# Understanding word normalization

Most of the time, we don't want to have every individual word fragment that we have ever encountered in our vocabulary. 

We could want this for several reasons, one being the need to correctly distinguish (for example) the phrase `U.N.` (with characters separated by a period) from `UN` (without any periods).

We can also bring words to their root form in the dictionary. For instance, `am`, `are`, and `is` can be identified by their root form, `be`. 

On another front, we can remove inflections from words to bring them down to the same form. Words `car`, `cars`, and `car's` can all be identified as `car`.

Also, common words that occur very frequently and do not convey much meaning, such as the articles `a`, `an`, and `the`, can be removed. 

However, all these highly depend on the use cases. `Wh- words`, such as `when`, `why`, `where`, and `who`, do not carry much information in most contexts and are removed as part of a technique called `stopwordremoval`, which we will see a little later in the Stopword removal section.

However, in situations such as question classification and question answering, these words become very important and should not be removed. 

In [1]:
import warnings
warnings.filterwarnings('ignore')

In [2]:
import nltk

In [3]:
plurals = ['caresses', 'flies', 'dies', 'mules', 'died', 'agreed', 'owned', 'humbled', 'sized', 'meeting', 'stating',
           'siezing', 'itemization', 'traditional', 'reference', 'colonizer', 'plotted', 'having', 'generously']

# Porter Stemmer

In [4]:
from nltk.stem.porter import PorterStemmer 

stemmer = PorterStemmer()
singles = [stemmer.stem(plural) for plural in plurals]

print(' '.join(singles))

caress fli die mule die agre own humbl size meet state siez item tradit refer colon plot have gener


# Snowball Stemmer

In [5]:
from nltk.stem.snowball import SnowballStemmer

print(SnowballStemmer.languages)

('arabic', 'danish', 'dutch', 'english', 'finnish', 'french', 'german', 'hungarian', 'italian', 'norwegian', 'porter', 'portuguese', 'romanian', 'russian', 'spanish', 'swedish')


In [6]:
stemmer2 = SnowballStemmer(language='english')
singles = [stemmer2.stem(plural) for plural in plurals]

print(' '.join(singles))

caress fli die mule die agre own humbl size meet state siez item tradit refer colon plot have generous


# OVER-STEMMING AND UNDER-STEMMING

Potential problems with stemming arise in the form of over-stemming and under-stemming. 

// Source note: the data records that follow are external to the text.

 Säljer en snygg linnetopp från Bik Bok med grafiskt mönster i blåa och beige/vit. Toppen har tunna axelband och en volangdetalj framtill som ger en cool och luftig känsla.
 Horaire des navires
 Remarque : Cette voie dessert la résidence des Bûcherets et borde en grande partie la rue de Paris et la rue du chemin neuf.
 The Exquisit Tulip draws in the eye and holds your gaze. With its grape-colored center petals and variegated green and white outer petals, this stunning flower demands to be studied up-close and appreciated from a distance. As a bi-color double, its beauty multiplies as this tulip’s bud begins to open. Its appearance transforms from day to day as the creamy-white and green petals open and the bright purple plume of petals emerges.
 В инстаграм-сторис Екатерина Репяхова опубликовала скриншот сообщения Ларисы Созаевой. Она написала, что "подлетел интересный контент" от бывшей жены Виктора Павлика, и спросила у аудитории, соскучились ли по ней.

A situation may arise when words that are stemmed to the same root should have been stemmed to different roots. This problem is referred to as over-stemming. 

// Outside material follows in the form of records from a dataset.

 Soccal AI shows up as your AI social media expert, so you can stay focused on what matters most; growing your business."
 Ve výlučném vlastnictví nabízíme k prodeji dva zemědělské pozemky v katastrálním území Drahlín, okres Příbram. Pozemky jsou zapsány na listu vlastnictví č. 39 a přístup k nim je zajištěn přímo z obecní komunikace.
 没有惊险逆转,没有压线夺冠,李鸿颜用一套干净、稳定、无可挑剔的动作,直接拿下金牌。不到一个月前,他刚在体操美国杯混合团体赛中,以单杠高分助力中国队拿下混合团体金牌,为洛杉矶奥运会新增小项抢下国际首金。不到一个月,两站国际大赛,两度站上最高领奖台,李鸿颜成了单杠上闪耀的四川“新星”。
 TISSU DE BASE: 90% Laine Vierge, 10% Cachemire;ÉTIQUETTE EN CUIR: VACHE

In contrast, another problem occurs when words that should have been stemmed to the same root aren't stemmed to it. This situation is referred to as under-stemming.

# Wordnet Lemmatizer

Unlike stemming, wherein a few characters are removed from words using crude methods, lemmatization is a process wherein the context is used to convert a word to its meaningful base form. 

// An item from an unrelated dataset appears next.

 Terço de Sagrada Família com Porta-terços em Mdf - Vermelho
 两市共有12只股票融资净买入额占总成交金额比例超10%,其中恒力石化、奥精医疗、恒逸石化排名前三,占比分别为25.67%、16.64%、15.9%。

It helps in grouping together words that have a common base form and so can be identified as a single item. The base form is referred to as the lemma of the word and is also sometimes known as the dictionary form.

Lemmatization algorithms try to identify the lemma form of a word by taking into account the neighborhood context of the word, part-of-speech (POS) tags, the meaning of a word, and so on. The neighborhood can span across words in the vicinity, sentences, or even documents.

In [7]:
nltk.download('wordnet')
from nltk.stem import WordNetLemmatizer 

[nltk_data] Downloading package wordnet to
[nltk_data]     C:\Users\anamini\AppData\Roaming\nltk_data...
[nltk_data]   Package wordnet is already up-to-date!


In [8]:
# WordNet is a lexical database of English that is freely and publicly available. As  part of WordNet, 
# nouns, verbs, adjectives, and adverbs are grouped into sets of cognitive synonyms (synsets), 
# each expressing distinct concepts. These synsets are interlinked using lexical and conceptual semantic relationships. 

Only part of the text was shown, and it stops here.